ABSTRACT
Noninvasive efforts to map brain gene expression have been hampered by low sensitivity and limited access to the brain. Here, we introduce a new platform that enables multiplexed, noninvasive, and site-specific monitoring of brain gene expression through a novel class of engineered reporters called Released Markers of Activity (RMAs). Instead of detecting gene expression in the less accessible brain, RMA reporters exit from a known brain region into the blood, where they can be easily measured with biochemical techniques. Expressing RMAs at a single brain site, typically covering ∼1% of the brain volume, provides up to a 39,000-fold signal increase over the baseline in vivo.

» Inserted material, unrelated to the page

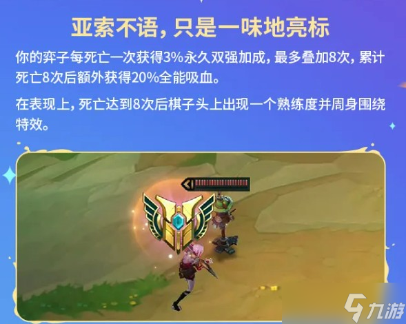 托儿索是一个死亡叠加型符文,每死一次获得3%永久双强加成,上限8次,叠满额外获得20%全能吸血,死亡8次后棋子头上还会出现特效。这个符文看起来是越死越强的路线,前期可以主动让棋子多消耗,把叠层尽量在中期补满,后期就会很暴力。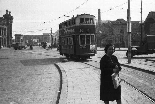 Barcelona: double-deck tram at Atarazanas [2] Atarazanas nowadays known as Drassanes. Car is from first d/d batch 169-193

Further, expression of RMAs in as few as several hundred neurons was sufficient for their reliable detection. When placed under a promoter upregulated by neuronal activity, RMAs could be used to measure neuronal activity in specific brain regions with a simple blood draw. We found that chemogenetic activation of cells expressing Fos-responsive RMA increased serum levels of RMA over 4-fold compared to non-activated controls. By contrast, a control RMA expressed under a constitutive neuronal promoter did not show such upregulation, demonstrating multiplexed ratiometric measurement with RMAs and proving specificity of neuronal activity discrimination. Together, our study pioneers a new noninvasive paradigm for repeatable and multiplexed monitoring of gene expression in an intact brain with sensitivity that is currently unavailable through other noninvasive gene expression reporter systems.
Competing Interest Statement
The authors have declared no competing interest.